The risk to develop diarrhea was calculated for patients who had no diarrhea when they provided a first stool sample between July 1, 1992, and June 30, 1994. We chose this stool examination as time zero. Kaplan-Meier estimates of the cumulative probability of developing diarrhea were assessed from time zero to the date of either the first episode of acute or chronic diarrhea or the last visit before the end of the observation period for those without diarrhea. Three baseline CD4 strata were compared with the log-rank test. Cox proportional hazards regression models were used for multivariate analysis of the risk to develop diarrhea. Treatments (chemoprophylaxis, antiretroviral therapy) were modeled as time-dependent covariates. Models were adjusted for CD4 lymphocyte counts (as a continuous variable). SAS software, version 6.11 (SAS Institute Inc, Cary, NC) was used.

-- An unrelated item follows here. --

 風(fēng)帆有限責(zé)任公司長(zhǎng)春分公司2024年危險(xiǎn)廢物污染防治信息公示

Predictors of survival were assessed with Cox proportional hazards regression models adjusted for CD4 lymphocyte count. Time was measured from the date of the first visit within the observation period to the date of death or the most recent follow-up. Treatments, opportunistic complications, and diarrheal episodes were modeled as time-dependent covariates.
Among the 1933 patients of the Swiss HIV Cohort Study who attended our outpatient clinic during the 45-month study period, we evaluated a total of 560 diarrheal episodes: 212 episodes of acute diarrhea and 348 of chronic diarrhea. Median follow-up per participant was 25.5 months (range, 0-57 months), accumulating to 3953 person-years. The proportion of women was 24.5%. Other demographic and clinical variables are summarized in Table 1.

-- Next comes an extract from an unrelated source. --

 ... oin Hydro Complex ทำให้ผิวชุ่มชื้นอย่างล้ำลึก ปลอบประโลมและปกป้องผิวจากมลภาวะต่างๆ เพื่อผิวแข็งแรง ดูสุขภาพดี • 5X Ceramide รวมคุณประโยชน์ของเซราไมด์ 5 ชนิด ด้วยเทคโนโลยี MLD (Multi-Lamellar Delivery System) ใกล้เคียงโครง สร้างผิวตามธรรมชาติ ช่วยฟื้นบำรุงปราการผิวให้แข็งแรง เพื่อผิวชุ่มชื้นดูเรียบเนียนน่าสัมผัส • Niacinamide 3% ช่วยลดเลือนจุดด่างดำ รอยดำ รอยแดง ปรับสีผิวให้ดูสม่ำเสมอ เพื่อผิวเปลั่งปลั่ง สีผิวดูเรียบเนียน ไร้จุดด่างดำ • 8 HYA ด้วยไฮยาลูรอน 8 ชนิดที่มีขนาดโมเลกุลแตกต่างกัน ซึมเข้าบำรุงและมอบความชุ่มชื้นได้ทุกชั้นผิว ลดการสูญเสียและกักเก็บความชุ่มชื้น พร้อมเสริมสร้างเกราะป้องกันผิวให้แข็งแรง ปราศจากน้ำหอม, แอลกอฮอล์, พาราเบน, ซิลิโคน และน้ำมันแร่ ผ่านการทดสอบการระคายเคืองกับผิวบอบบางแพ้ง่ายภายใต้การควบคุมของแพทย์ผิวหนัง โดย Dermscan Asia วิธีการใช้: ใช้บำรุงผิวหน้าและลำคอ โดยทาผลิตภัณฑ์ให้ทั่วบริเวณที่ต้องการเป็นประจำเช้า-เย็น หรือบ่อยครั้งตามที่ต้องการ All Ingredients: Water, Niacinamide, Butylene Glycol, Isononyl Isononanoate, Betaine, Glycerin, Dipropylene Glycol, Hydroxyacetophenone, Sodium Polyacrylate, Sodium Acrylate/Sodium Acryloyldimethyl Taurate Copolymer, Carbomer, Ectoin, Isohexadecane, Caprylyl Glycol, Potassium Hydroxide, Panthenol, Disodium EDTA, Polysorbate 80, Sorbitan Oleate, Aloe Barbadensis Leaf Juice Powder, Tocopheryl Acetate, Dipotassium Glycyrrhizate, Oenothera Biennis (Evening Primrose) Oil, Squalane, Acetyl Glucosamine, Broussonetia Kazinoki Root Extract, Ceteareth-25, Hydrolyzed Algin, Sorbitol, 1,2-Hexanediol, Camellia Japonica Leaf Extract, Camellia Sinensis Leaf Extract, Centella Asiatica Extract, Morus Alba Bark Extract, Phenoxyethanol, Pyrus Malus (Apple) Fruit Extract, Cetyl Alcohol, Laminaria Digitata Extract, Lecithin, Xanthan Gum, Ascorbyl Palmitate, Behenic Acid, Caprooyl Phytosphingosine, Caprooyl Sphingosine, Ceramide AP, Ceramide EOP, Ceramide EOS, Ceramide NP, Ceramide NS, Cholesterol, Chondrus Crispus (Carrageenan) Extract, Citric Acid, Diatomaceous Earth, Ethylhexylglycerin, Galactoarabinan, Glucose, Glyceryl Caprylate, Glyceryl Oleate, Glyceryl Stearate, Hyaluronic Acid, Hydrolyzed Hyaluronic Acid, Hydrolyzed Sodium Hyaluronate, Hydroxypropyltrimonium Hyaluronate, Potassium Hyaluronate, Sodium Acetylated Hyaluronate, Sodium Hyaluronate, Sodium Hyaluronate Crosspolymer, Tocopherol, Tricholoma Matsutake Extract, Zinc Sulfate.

The incidence of diarrhea was 14.2 per 100 person-years overall (95% confidence interval [CI], 13.0-15.4) (Table 1). During the 2 observation periods (July 1, 1992, to June 30, 1994, vs July 1, 1994, to March 31, 1996), the incidence of acute diarrhea was 6.53 (95% CI, 5.5-7.7) and 3.91 (95% CI, 3.1-5.0) (P<.001), and that of chronic diarrhea, 8.54 (95% CI, 7.4-9.9) and 9.13 (95% CI, 7.8-10.7) (P=.55), respectively (Table 2).
For patients without diarrhea who had CD4 lymphocyte counts below 0.05×109/L, the probability to develop diarrhea within 1, 2, and 3 years was 48.5% (95% CI, 38.5%-58.3%), 74.3% (61.1%-86.9%), and 95.6% (82.2%-100%), respectively, which was significantly higher than for patients classified into the higher CD4 strata (P<.001) (Figure 1).
In the multivariate analysis adjusted for CD4 cell count, the risk to develop diarrhea was significantly higher for homosexual men, patients with a history of opportunistic complications, and patients taking antiretroviral therapy (Table 3). In addition, female sex was an independent negative predictor of chronic diarrhea. Chemoprophylaxis with sulfamethoxazole-trimethoprim or dapsone-pyrimethamine had no impact on the risk to develop diarrhea.
Diarrhea was found to be an independent negative predictor of survival (Table 4). Other negative risks were low CD4 cell counts, opportunistic complications, older age, and intravenous drug use as the mode of HIV acquisition (Table 4). The risk of death was reduced by 45% (relative risk, 0.55; 95% CI, 0.45-0.68) by antiretroviral therapy.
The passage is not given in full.